Provided data section start

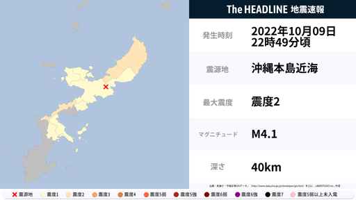 10月9日22時49分頃、沖縄県で最大震度2の地震を観測
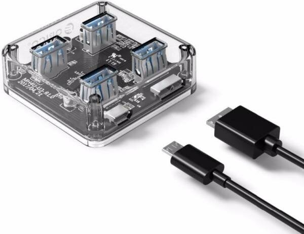 USB-концентратор ORICO MH4U-U3, разъемов: 4, 100 см, прозрачный
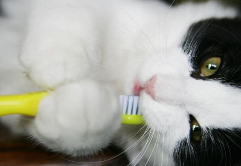 - Зубная щетка для кошки : зубная щетка для человека будет слишком большой.

Provided data section end

#### [Task brief]
A verbatim transcription of the listing is expected, with no pictures included.

#### [Response]
 10月9日22時49分頃、沖縄県で最大震度2の地震を観測
 USB-концентратор ORICO MH4U-U3, разъемов: 4, 100 см, прозрачный
 - Зубная щетка для кошки : зубная щетка для человека будет слишком большой.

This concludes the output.